A lease will contain an implied term that a tenant will give up possession of the property to its landlord at the end of the term; see Henderson v Squire (1869) LR4 QB 170. The tenant must vacate the property and anything that has become a part of it, such as new buildings. It must also ensure that, subject to statutory rights of protection, any subtenant vacates.
Nevertheless, most leases contain an express covenant to yield up. This usually requires the tenant to yield up in repair; although this probably comprises an obligation both to deliver up possession and to deliver up in repair. But what does an obligation to “yield up” mean? There is a surprising absence of authority on the point, and no prescribed form or procedure for “yielding up”.

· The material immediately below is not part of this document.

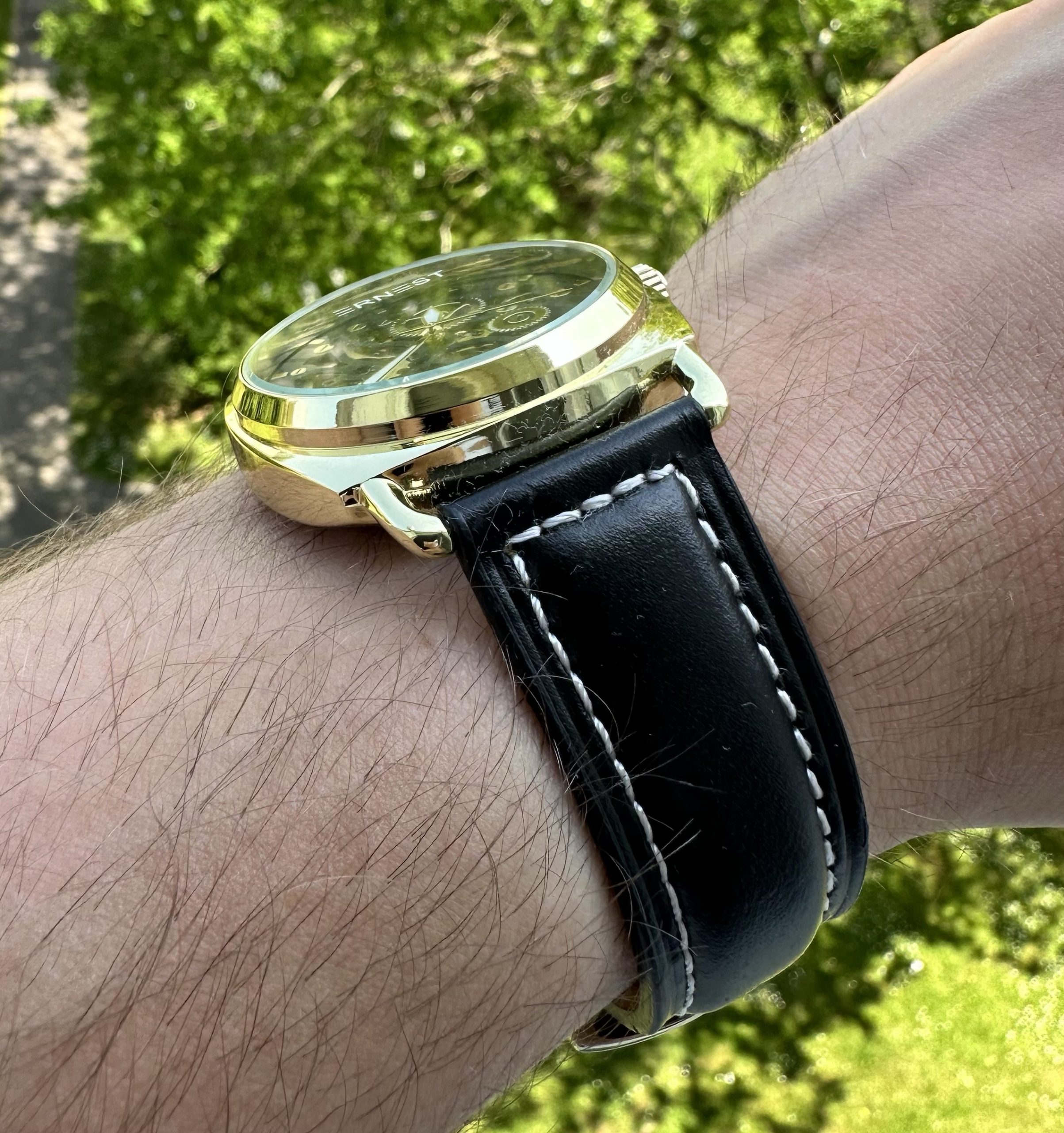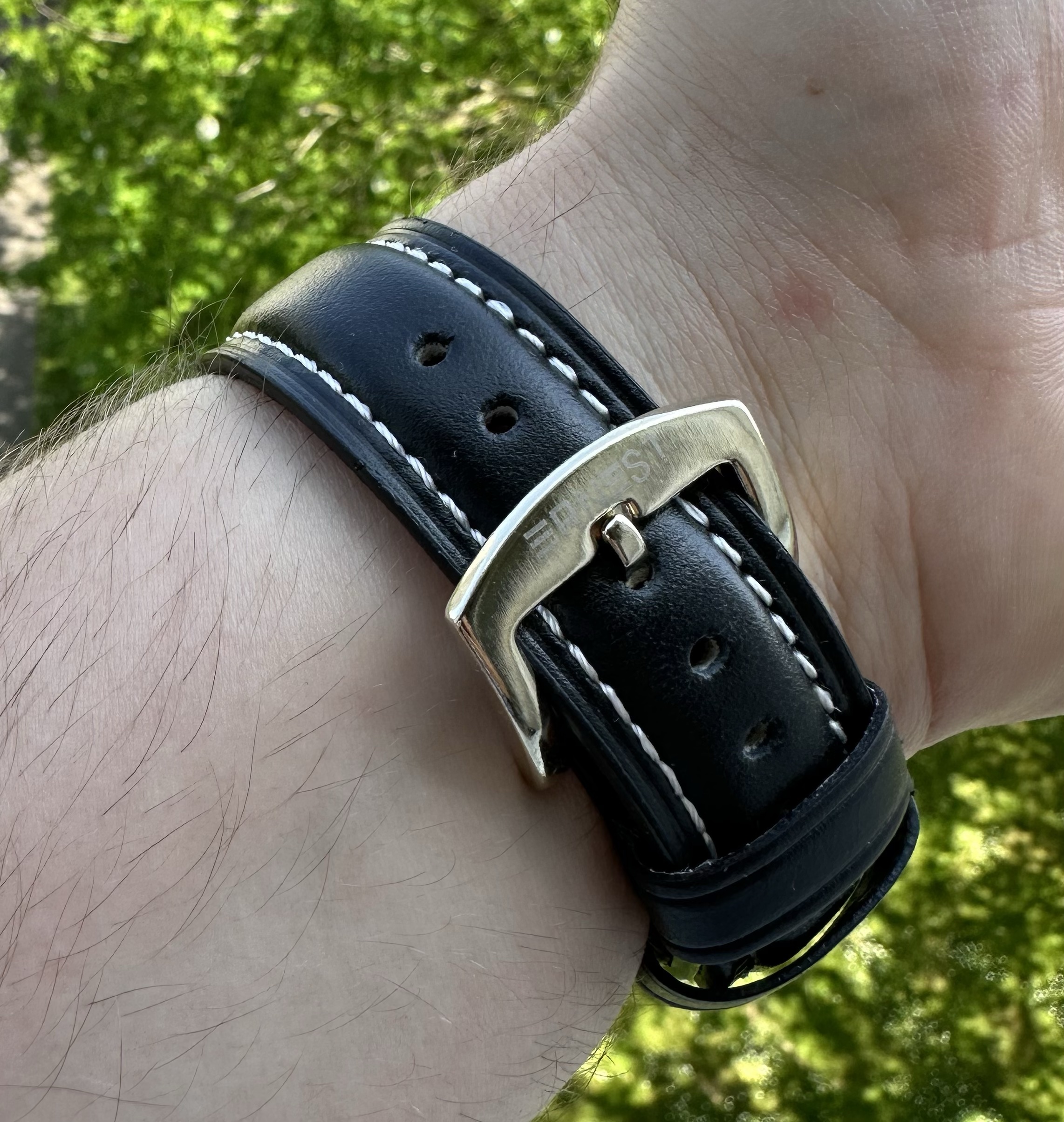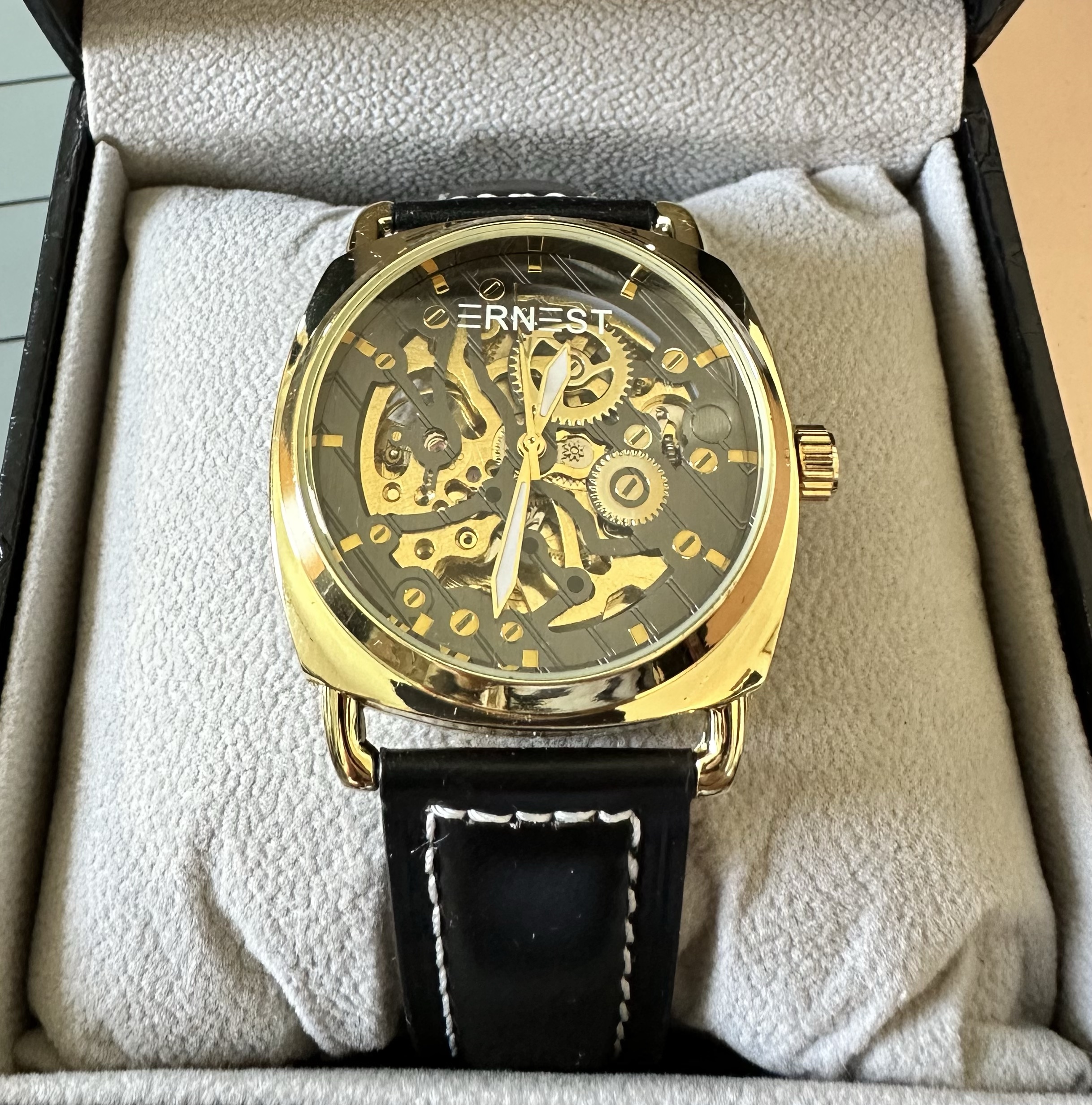 Avec son mouvement automatique, vous n’aurez jamais besoin de changer la pile de cette belle montre au boîtier coussin.
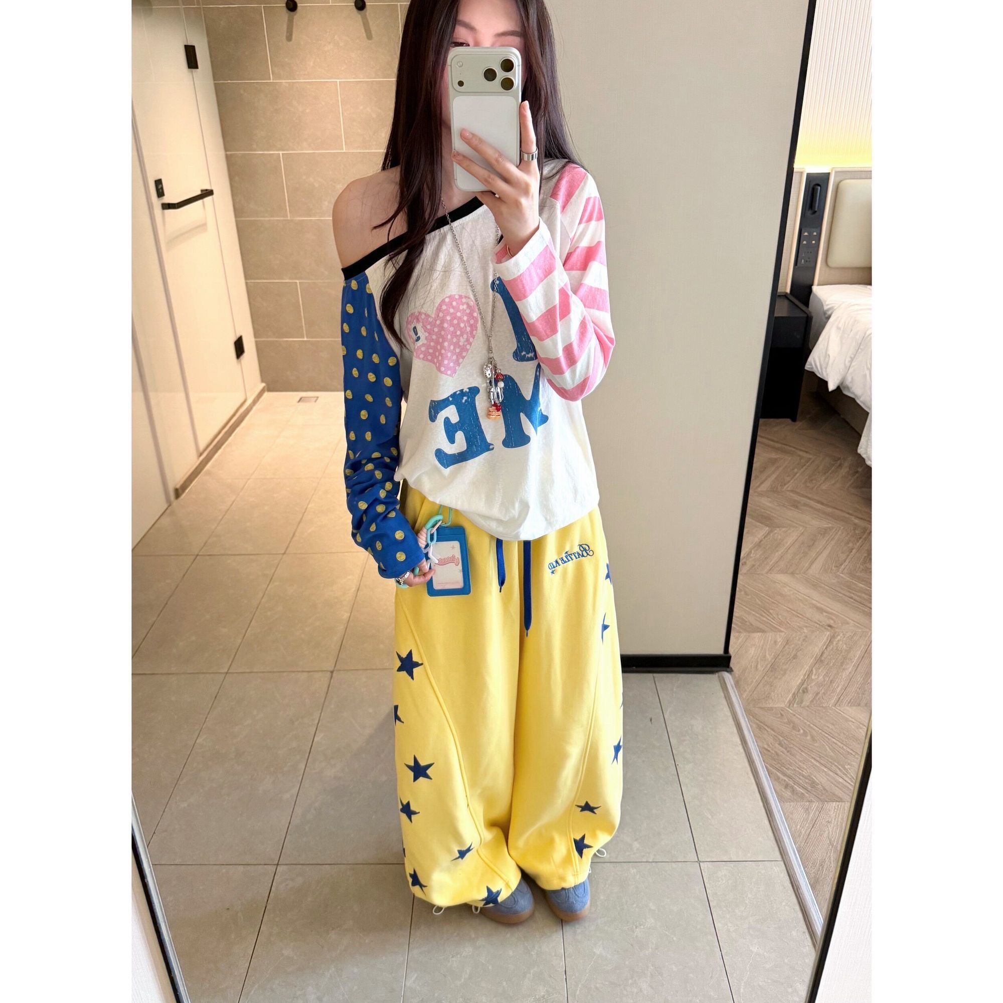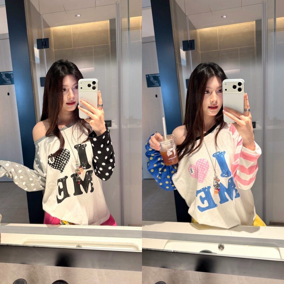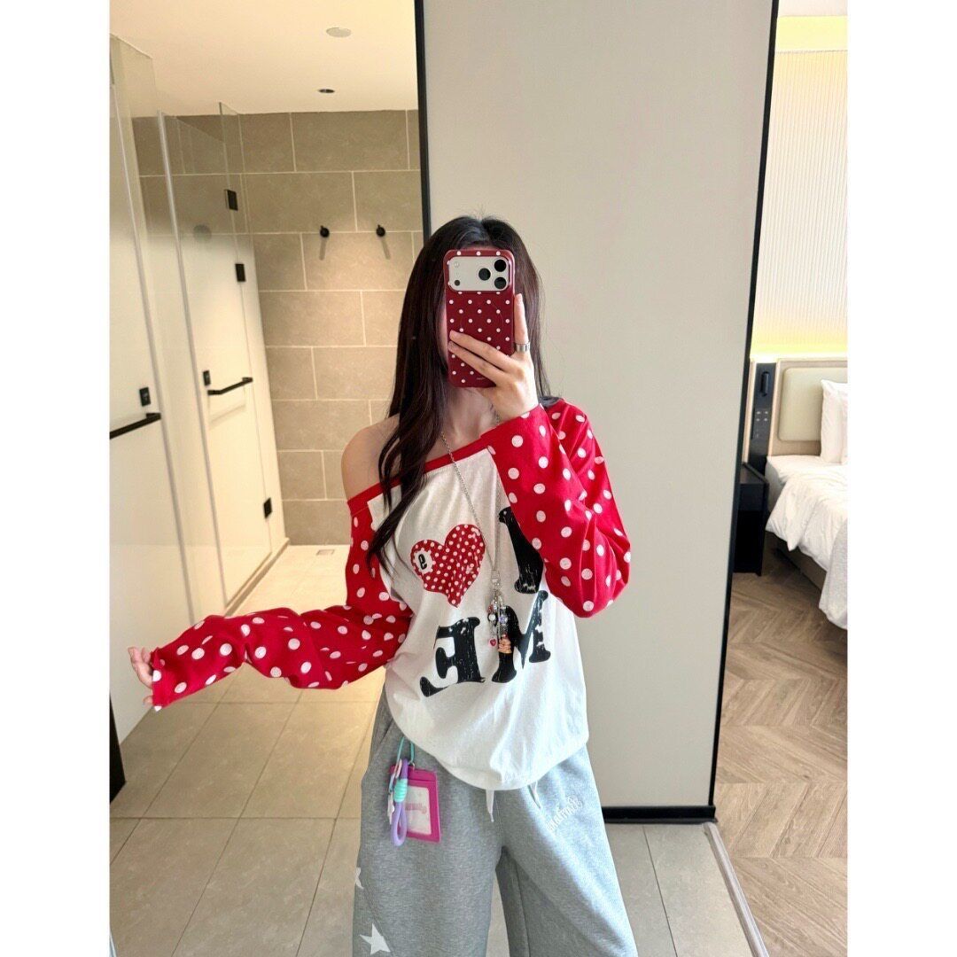 아메리칸 배색 도트 무늬 삽입 어깨 반팔 티셔츠 여성 2026 여름 알파벳 프린트 달콤한 핫걸 몸매 가꾸기 쇼트 스타일 맨위

In John Laing Construction Ltd v Amber Pass Ltd [2004] 17 EG 128 (CS), a tenant’s break clause required the tenant to yield up the property. The High Court held that, in the absence of any prescribed form or process, the test will be whether the tenant can demonstrate a clear intention to terminate the lease and whether the landlord can occupy the property without difficulty. In Laing, the tenant’s continued possession of the keys was not considered to be an assertion of a right to occupy or of a right to possession of the property, in line with, for example, Gray v Bompas (1862) 11 CB(NS)520. Nor did the presence of security guards or removable concrete barriers prevent the landlord from occupying the premises. By serving a notice to break and vacating the property, the tenant had manifested a clear intention to end the lease.
The absence of any defined procedure to comply with an obligation to yield up can make it difficult for a tenant to know whether it has done enough. This is particularly important if one of the preconditions to the exercise of a break clause is that the tenant yields up the property; failure to comply strictly could result in the tenant losing its right to break. In Laing, the court said that it would have been sensible for the tenant to have tendered the keys to the landlord and to have asked whether the landlord wanted to continue with the security arrangements, but that this was not a requirement of the obligation to yield up.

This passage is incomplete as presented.